> **To do**: Among the lines of the listing below, retype exactly those from the one containing "미니 플랫 하단 거꾸로" through the one containing "The addition of", both included. Do not include pictures.

> **Input for this task**:
● ● ● ●
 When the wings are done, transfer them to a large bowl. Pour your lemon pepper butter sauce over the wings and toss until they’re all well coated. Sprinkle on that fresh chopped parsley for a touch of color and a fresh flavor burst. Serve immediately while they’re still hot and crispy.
● ● ● ●
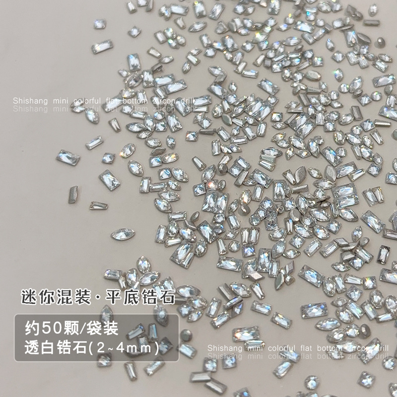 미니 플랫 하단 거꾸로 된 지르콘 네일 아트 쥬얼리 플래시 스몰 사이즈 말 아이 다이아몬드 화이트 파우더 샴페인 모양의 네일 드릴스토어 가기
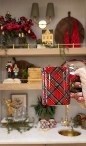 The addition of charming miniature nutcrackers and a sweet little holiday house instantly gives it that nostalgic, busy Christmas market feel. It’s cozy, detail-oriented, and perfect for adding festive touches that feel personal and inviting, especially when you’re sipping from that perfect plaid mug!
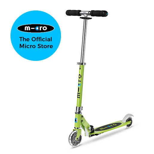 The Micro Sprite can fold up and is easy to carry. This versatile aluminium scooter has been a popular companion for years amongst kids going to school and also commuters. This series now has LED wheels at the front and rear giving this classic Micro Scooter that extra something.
● ● ● ●
> **Finished task**:
 미니 플랫 하단 거꾸로 된 지르콘 네일 아트 쥬얼리 플래시 스몰 사이즈 말 아이 다이아몬드 화이트 파우더 샴페인 모양의 네일 드릴스토어 가기
 The addition of charming miniature nutcrackers and a sweet little holiday house instantly gives it that nostalgic, busy Christmas market feel. It’s cozy, detail-oriented, and perfect for adding festive touches that feel personal and inviting, especially when you’re sipping from that perfect plaid mug!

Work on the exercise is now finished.